─── Recorded data ───

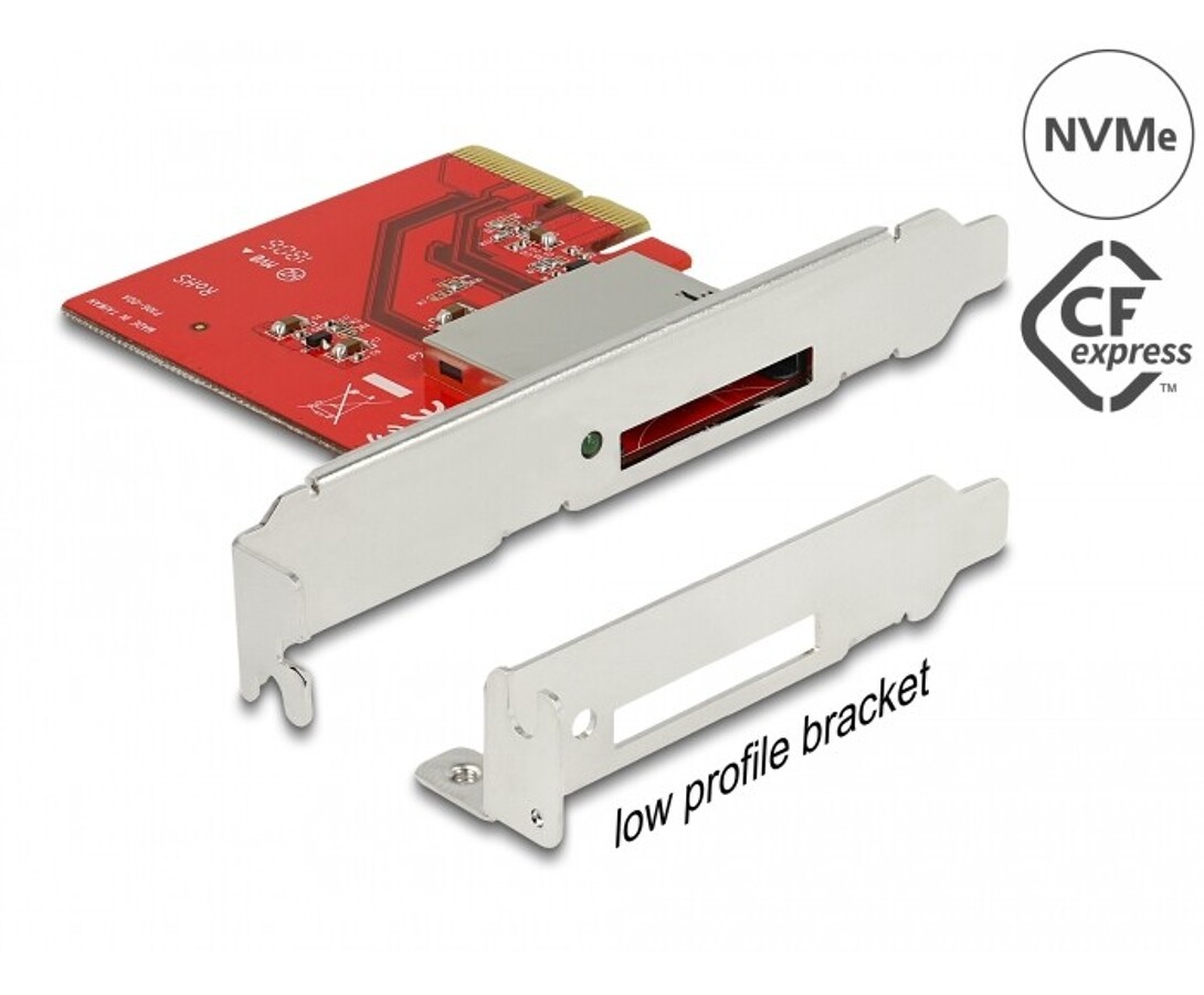 Karta PCI Express marki Delock rozszerza komputer osobisty o zewnętrzny slot CFexpress / XQD, umożliwiając odczyt i zapis na kartach pamięci CFexpress / XQD.
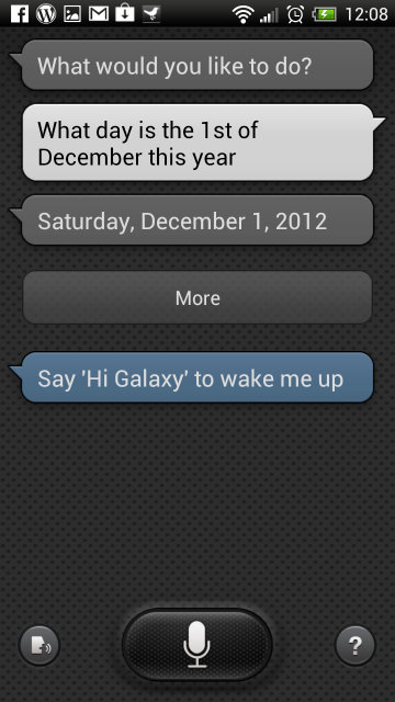 Un mic disclaimer: aplicaţia nu funcţionează la fel de bine ca pe Galaxy S III. Vocea nu sună la fel de bine, nu e la fel de rapidă, nu este integrată la fel de bine în telefon (nu m-aş baza pe activarea ei vocală, de exemplu). Nu judecaţi calitatea ei pe Galaxy S III după modul în care rulează pe alt telefon, n-ar fi corect faţă de Samsung.
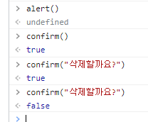 alert 빌트인 함수는 기존에 배웠듯이 팝업창을 실행시켜주는 빌트인 함수이다. confirm이라는 모양새가 비슷한 빌트인 함수도 존재하는데 가장 큰 차이는 취소버튼이 추가된 것과 출력값이 boolean type으로 출력되는 것이다.

───

__Work order__. Print each line of the material above exactly, with the pictures removed from your copy.

__Response to the exercise__.
 Karta PCI Express marki Delock rozszerza komputer osobisty o zewnętrzny slot CFexpress / XQD, umożliwiając odczyt i zapis na kartach pamięci CFexpress / XQD.
 Un mic disclaimer: aplicaţia nu funcţionează la fel de bine ca pe Galaxy S III. Vocea nu sună la fel de bine, nu e la fel de rapidă, nu este integrată la fel de bine în telefon (nu m-aş baza pe activarea ei vocală, de exemplu). Nu judecaţi calitatea ei pe Galaxy S III după modul în care rulează pe alt telefon, n-ar fi corect faţă de Samsung.
 alert 빌트인 함수는 기존에 배웠듯이 팝업창을 실행시켜주는 빌트인 함수이다. confirm이라는 모양새가 비슷한 빌트인 함수도 존재하는데 가장 큰 차이는 취소버튼이 추가된 것과 출력값이 boolean type으로 출력되는 것이다.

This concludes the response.